It's not a Lottery, it's a Race: Understanding How Gradient Descent Adapts the Network's Capacity to the Task
This work addresses a foundational problem in understanding neural network training dynamics for researchers in machine learning theory, though it is incremental as it builds on existing concepts like the lottery ticket hypothesis.
The paper investigates how gradient descent reduces the theoretical capacity of neural networks to an effective capacity that fits the task, by analyzing learning dynamics in single hidden layer ReLU networks and identifying three dynamical principles—mutual alignment, unlocking, and racing—that explain phenomena like neuron merging and pruning, and specifically elucidates the mechanism behind the lottery ticket conjecture.

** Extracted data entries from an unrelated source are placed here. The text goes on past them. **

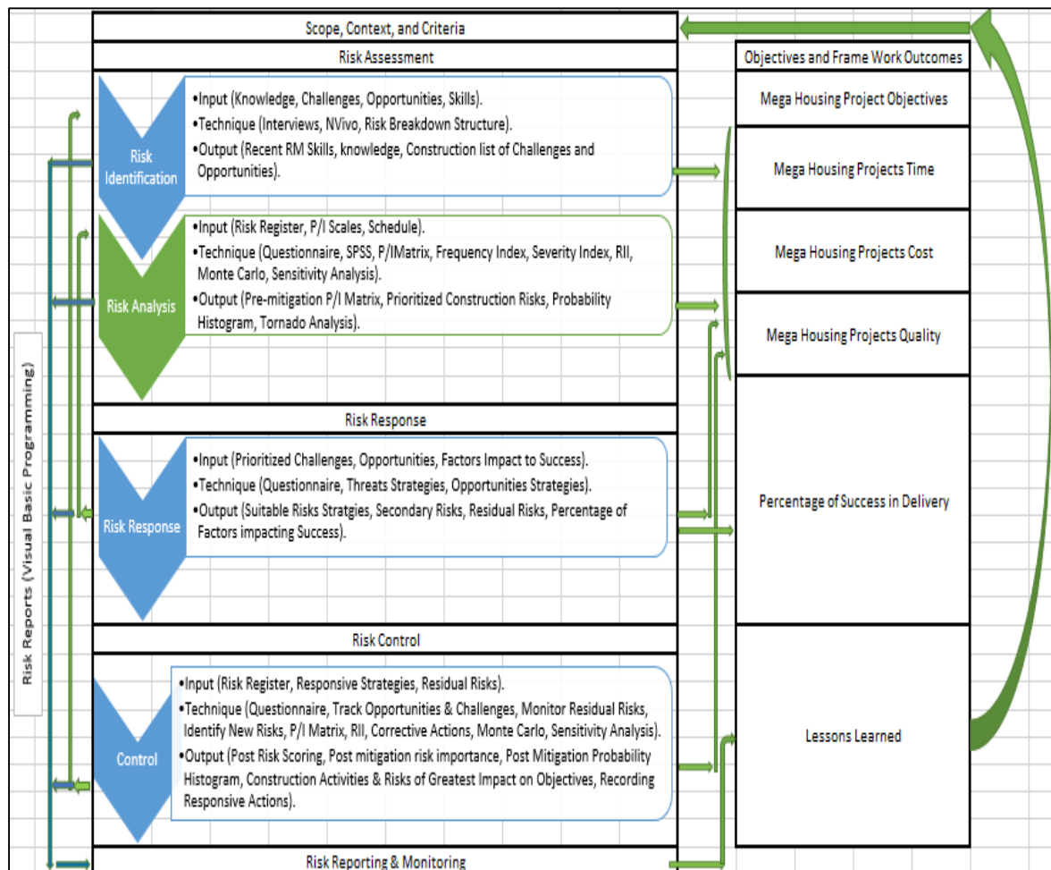
Fig. 3: Conceptual Risk Management Framework (CRMF)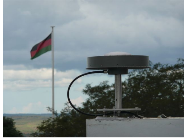
Malawi CORS station in Lilongwe

The first GPS (Global Positioning System) Continuous Operating Reference station of Malawi was installed on 9<sup>th</sup> April 2008 in Lilongwe. This project was initiated and is managed by the Department of Land Surveys, Ministry of Lands and Natural Resources. The installation was done with the support of Hartebeesthoek Radio Astronomy Observatory(HartRAO) Space Geodesy Programme of South Africa, which funded the equipment, and with the technical collaboration of University of Beira Interior / Instituto D. Luíz (UBI/IDL) from Portugal. This station is located at Capitol Hill, in the building of the Ministry of Home Affairs and Department of Human Resources, which are also supporting the project.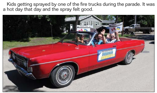
The local Ukrainian community were the honorary parade marshalls in the 2022 parade.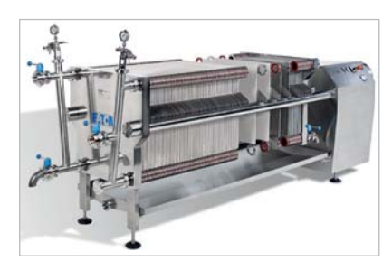
Plate and frame filtration systems are a proven means of removing Alicyclobacillus acidoterrestris bacteria and its spores that cause product spoilage in fruit juice production. Using the BECO COMPACT PLATE A600 filtration system, a large juice concentrate manufacturer was also able to tackle leaks: a significant problem with multi-sheet filters. Thanks to its high pressure tightening and automatic re-tightening, the filtration system not only reduces drip loss to a minimum, it also increases the efficiency and cost-effectiveness of the entire process ...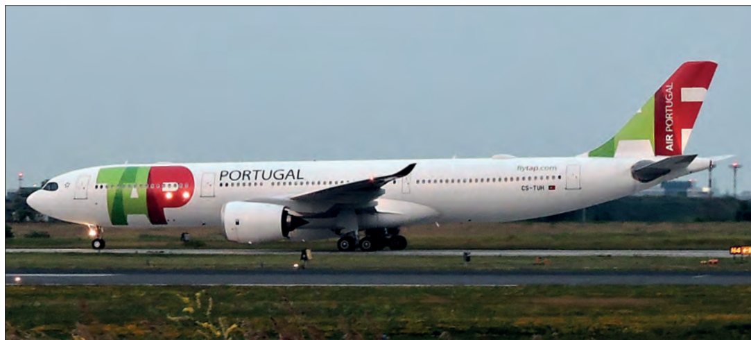
Airbus A330-900 CS-TUH (1906) of TAP Air Portugal at Toronto Pearson on 10th July 2019.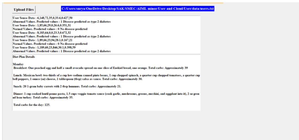
Figure 4: Model prediction on uploaded test data in user side GUI.

Figure 5 demonstrates the model prediction process on the uploaded test data within the user side GUI. Once the user uploads their healthcare dataset, the system utilizes machine learning models to predict the likelihood of diabetes based on the provided data. Prediction results are displayed in real-time on the GUI, allowing users to instantly access and interpret the outcomes. This figure provides users with actionable insights into their health status, empowering them to make informed decisions about their well-being. Figure 5 exhibits the proposed model's suggested diet plan based on the predictive analysis results. In cases where the analysis indicates the presence of diabetes or certain risk factors, the system generates personalized diet recommendations tailored to the individual's health needs. These recommendations are derived from evidence-based practices and dietary guidelines, providing users with practical strategies for managing their condition effectively.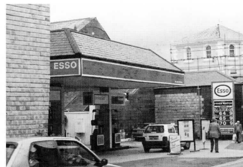
Pylon signs do not have to be tall to display the necessary information. Height is an important issue in historic towns and villages. The brightly coloured shiny fascia is visually intrusive.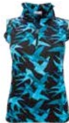
316 Black/Teal Multi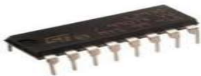
Fig: - L293D Motor Driver

Motor are can't connect directly to the microcontroller, for that we are use L293D motor driver. L293D is a typical Motor driver or Motor Driver IC which allows DC motor to drive on either direction. L293D is a 16 -pin IC which can control a set of two DC motors simultaneously in any direction. It means that you can control two DC motor with a single L293D IC, Dual H-bridge Motor Driver integrated circuit (IC). The L293D can drive small and quiet big motors as well.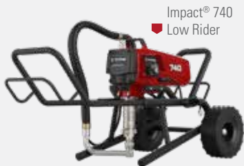
Impact® 740 Low Rider

The Impact 740 is designed for extended, heavy-duty performance on larger residential and commercial projects. This is the sprayer contractors turn to when the time comes to enter the big leagues.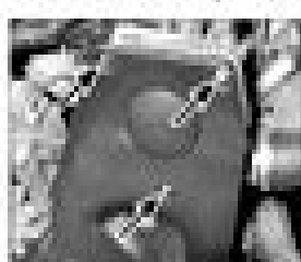
4.10 Timing belt upper cover retaining bolts (removed)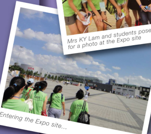
Entering the Expo site...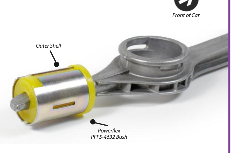
Figure 2 - PFF5-4632 Fitted Image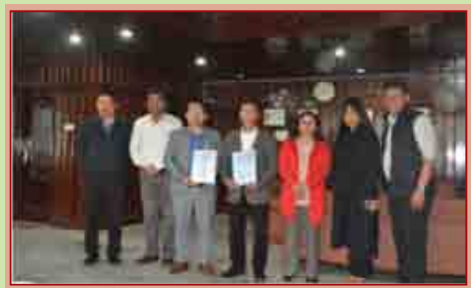
Signing of MoU between NIELIT Kohima and Department of Industries & Commerce, Govt. of Nagaland in the presence of officials from both parties

With the purpose to jointly collaborate for capacity building and skill development inline with the vision of Digital India, MoU between NIELIT Kohima and Department of Industries & Commerce, Govt. of Nagaland was signed on April 18, 2018. As per the MoU, Govt. of Nagaland shall provide build-up space for NIELIT Kohima to set up a centre at Dimapur, the commercial hub of Nagaland for skilling youth in IECT.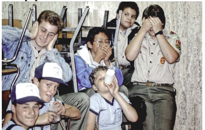
NYC Day Hike ~ 1986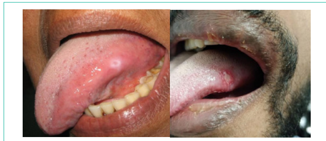
Figure 10: a & b – A chronic traumatic ulcer in left lateral border of tongue due to sharp edges of molars.

A detailed history and examination can distinguish RAS from acute viral ulcers or chronic autoimmune lesions, drug reactions and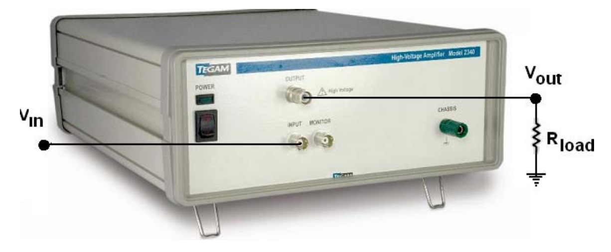
Figure 3 - A resistive load at the output of the voltage amplifier.

Figure 3 shows an actual amplifier with a resistive load.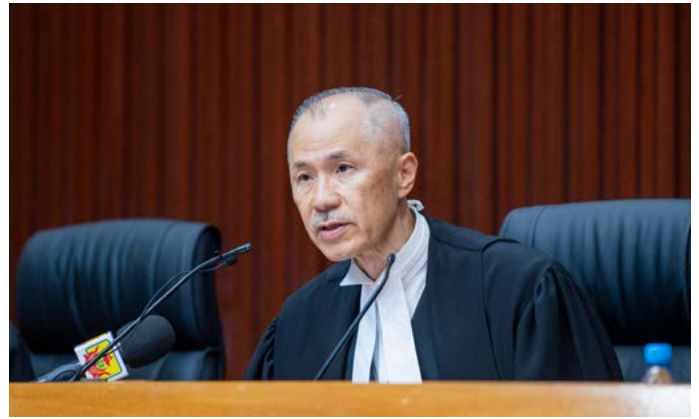
Yang Amat Arif Chief Justice of the Supreme Court delivering a speech during the Opening Ceremony of the 2025 Legal Year.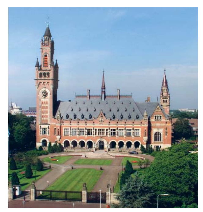
The International Court of Justice in the Hague

"In any State the authority of the government can only derive from the will of the people as expressed in genuine, free and fair elections held at regular intervals on the basis of universal, equal and secret suffrage."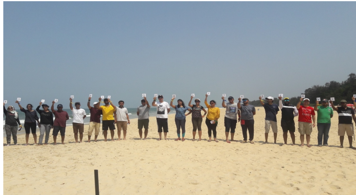
WHOSE LINE IS IT ANYWAY?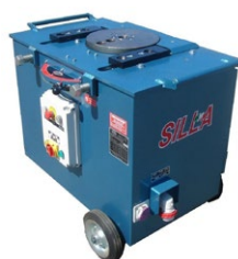
Steel Bar & Bender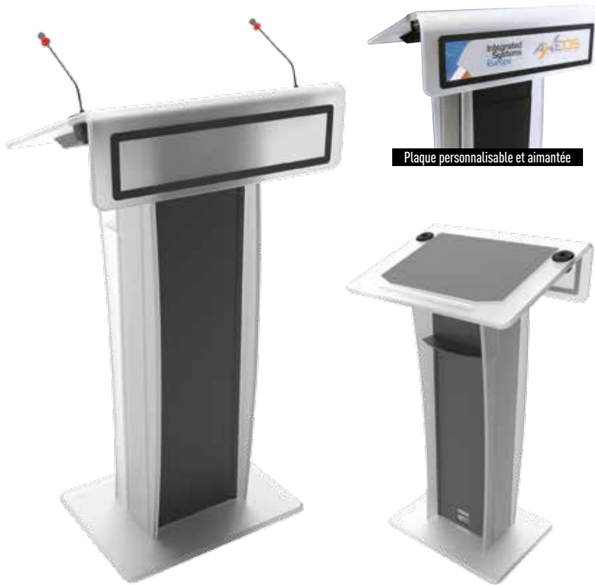
Plaque personnalisable et aimantée

The NEONYX is a stylish and robust lectern, available in different configurations. Besides the standard version, it can accommodate a 19" touch screen as well as being adjustable in terms of height. It incorporates all the essential functionalities for your events, receptions, seminars or conferences.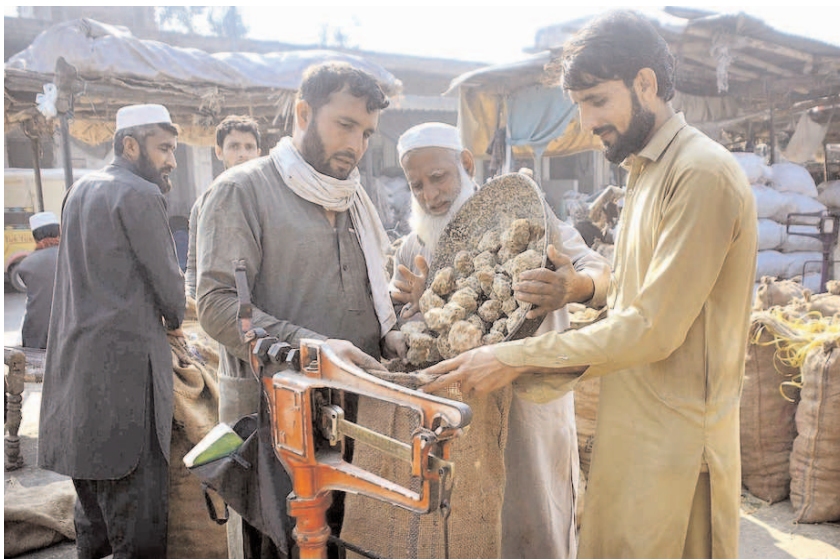
PESHAWAR: Vendors busy in filling sacks with traditional sweet ‘Gur’ for selling purpose at Gur Mandi.

Pesco to control electricity pilferage. He said that timely actions have reduced load shedding considerably. He also urged people to install meters, avoid power theft and pay their electricity bills to ensure a smooth supply of electricity to consumers.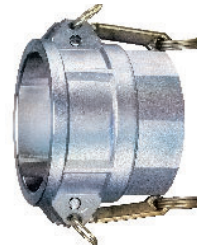
Aluminum Part D Female Coupler x Female NPT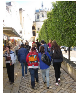
Walking up to Amboise Castle in Tours

As we moved on from Tours to Amiens, our mood changed from playful and adventurous to more somber and reverent. We listened with awe as our guide told us the stories of our Australian soldiers' involvement in the Somme area in World War I. We were touched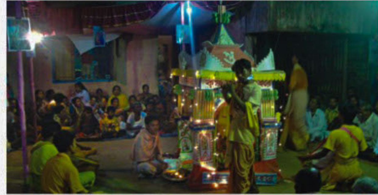
A group of musicians perform at the programme.

A 15-member committee organised the programme.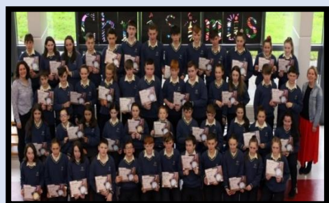
First Year Silver Word Millionaire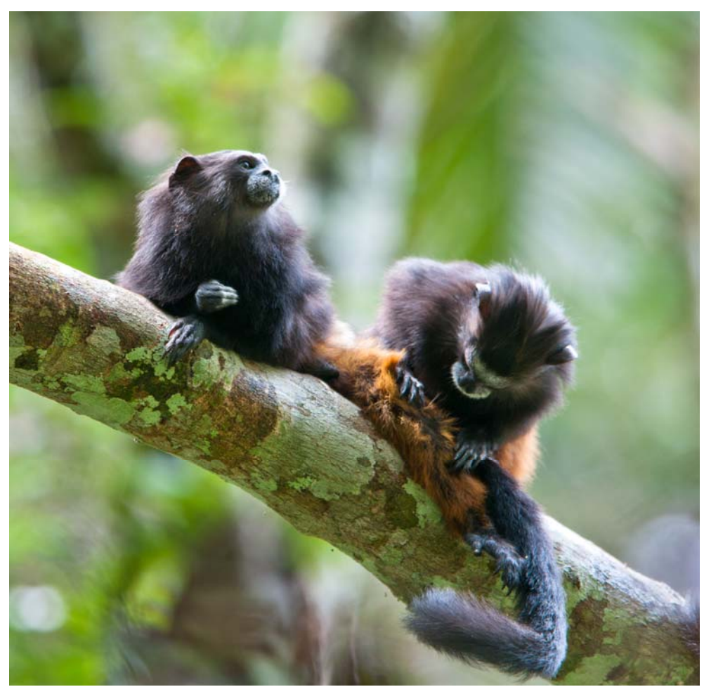
Saddle-back Tamarins grooming (at Refugio Amazonas)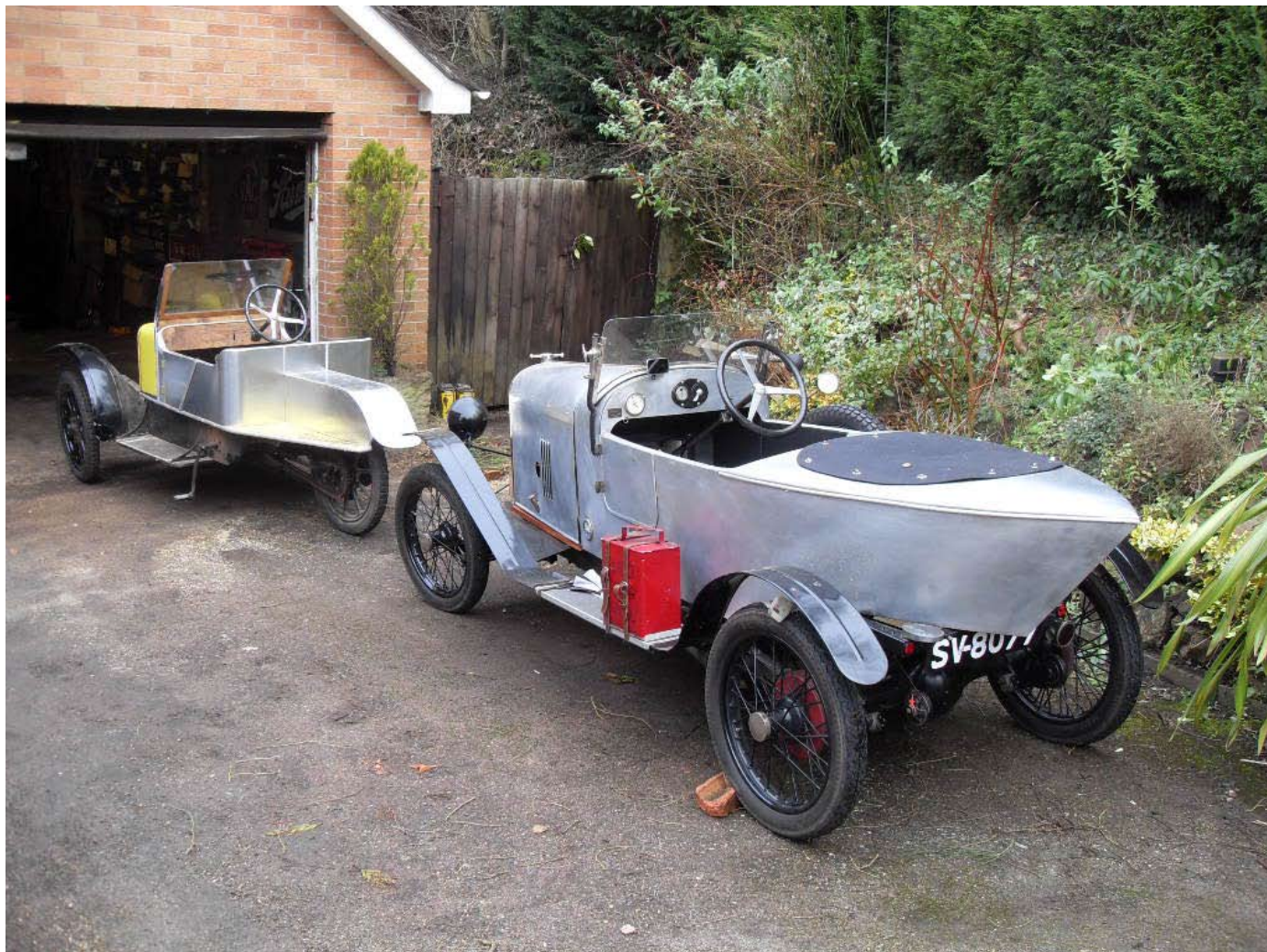
Mike Tebbett's 1925 Amilcar C4 and 1922 LSD Cyclecar

Entry £5 per person (under 12's free). It will be well worth hanging on at the end of the day - the famous Vulcan will fly over Turweston Aerodrome at approximately 4.45pm. Don't miss the opportunity to see this wonderful aeroplane in flight.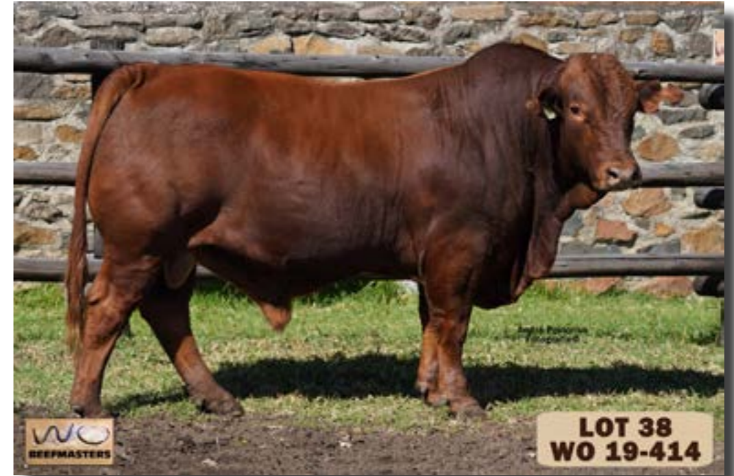
LOT 38 WO 19-414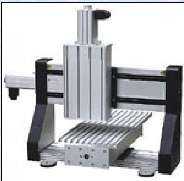
XYZ Table Type 3B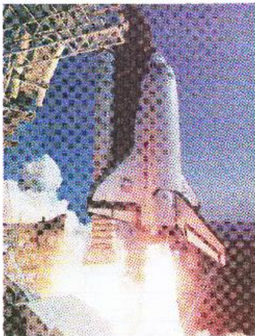
NASA Image Gallery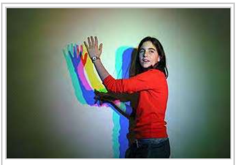
Lighting and shadows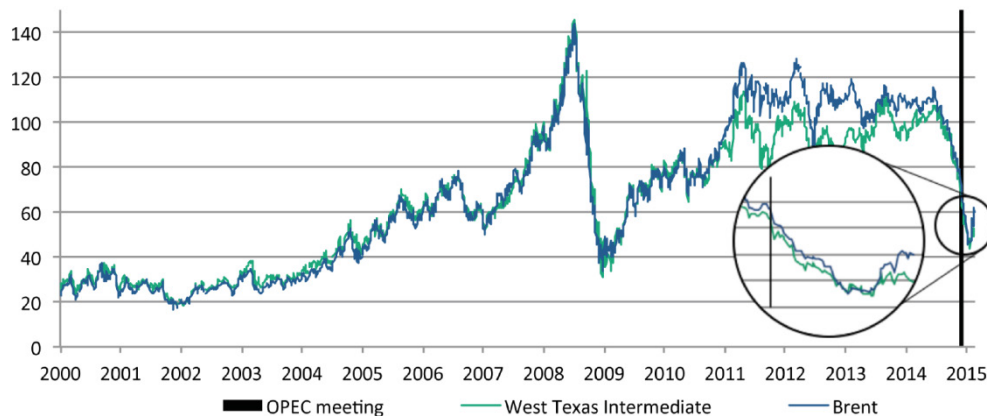
Figure 1: Daily crude oil price, West Texas Intermediate (WTI) and Brent, in nominal USD/bbl; the OPEC meeting on Nov 27, 2014, is marked for illustration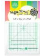
Waffle Flower 5.5 x 8.5 inch Grip Mat...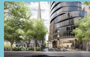
WESLEY CHURCH, MELBOURNE Landlord: Charter Hall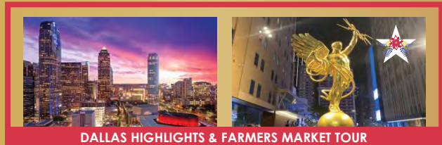
DALLAS HIGHLIGHTS & FARMERS MARKET TOUR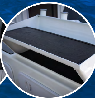
Large box style bait station (760mm wide)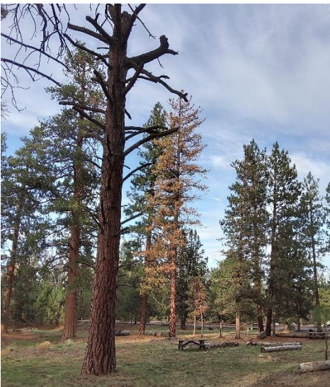
Dead Pine, north side of dog-play area, close to ODOT station.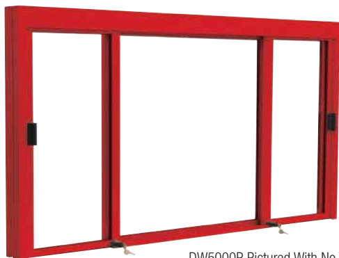
DW5000P Pictured With No Track Under Sliding Panels and Keyed Locks BFW2A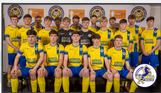
Cumbernauld Colts FC Black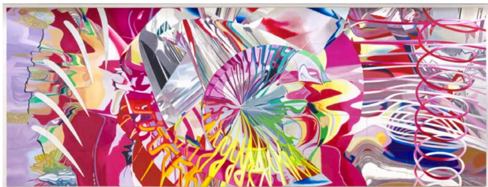
James Rosenquist, Joystick (2002) © 2019 Estate of James Rosenquist / Licensed by VAGA at Artists Rights Society (ARS), NY.

I n Other Words was always intended as a subjective, insider view of the art market and the salient issues facing the art world. I never thought that reviewing exhibitions would be critical to my introductions. And yet we are living in times in which the art market is increasingly consolidating around top-tier trophies made by a limited number of validated masters, punctuated by the occasional newcomer whose market tends to capture interest for a short period of time as a next-generation high-wire performer.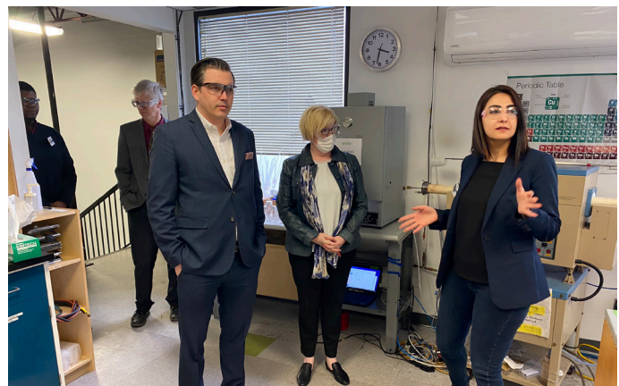
Touring NanoOne Technologies with Minister Carla Qualtrough.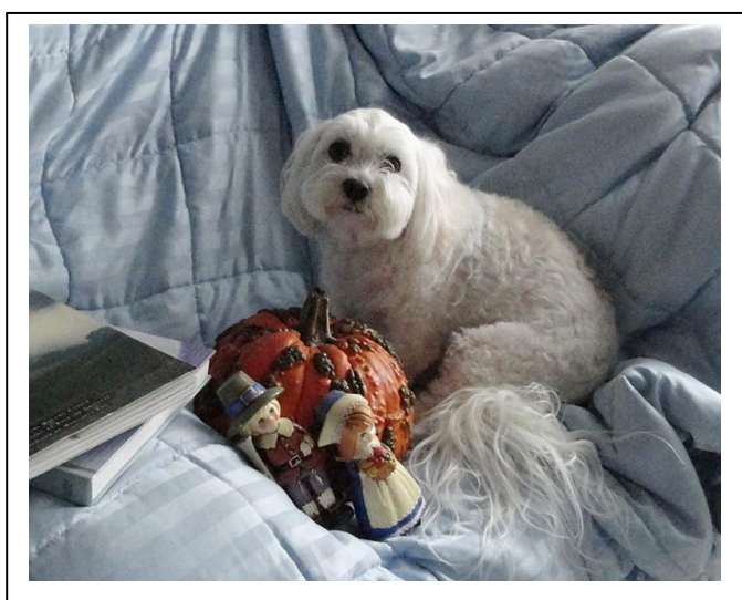
Time to get out the cookbooks!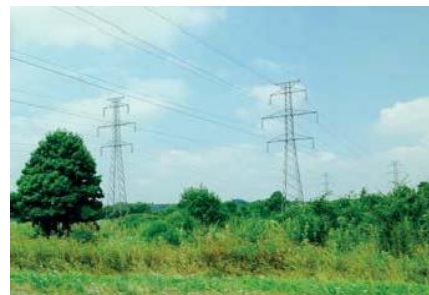
Low voltage transmission lines on the Kragujevac – Kraljevo route

The Kragujevac – Kraljevo section is on the list of Projects of Energy Community Interest, being located in one of the Energy Community Treaty Contracting Parties (Western Balkans countries, Moldova, and Ukraine). It will upgrade the electricity distribution system in Central and Western Serbia and interconnect it with systems in the neighbouring EU states.

Our theoretical understanding of neural networks is lagging behind their empirical success. One of the important unexplained phenomena is why and how, during the process of training with gradient descent, the theoretical capacity of neural networks is reduced to an effective capacity that fits the task. We here investigate the mechanism by which gradient descent achieves this through analyzing the learning dynamics at the level of individual neurons in single hidden layer ReLU networks. We identify three dynamical principles -- mutual alignment, unlocking and racing -- that together explain why we can often successfully reduce capacity after training through the merging of equivalent neurons or the pruning of low norm weights. We specifically explain the mechanism behind the lottery ticket conjecture, or why the specific, beneficial initial conditions of some neurons lead them to obtain higher weight norms.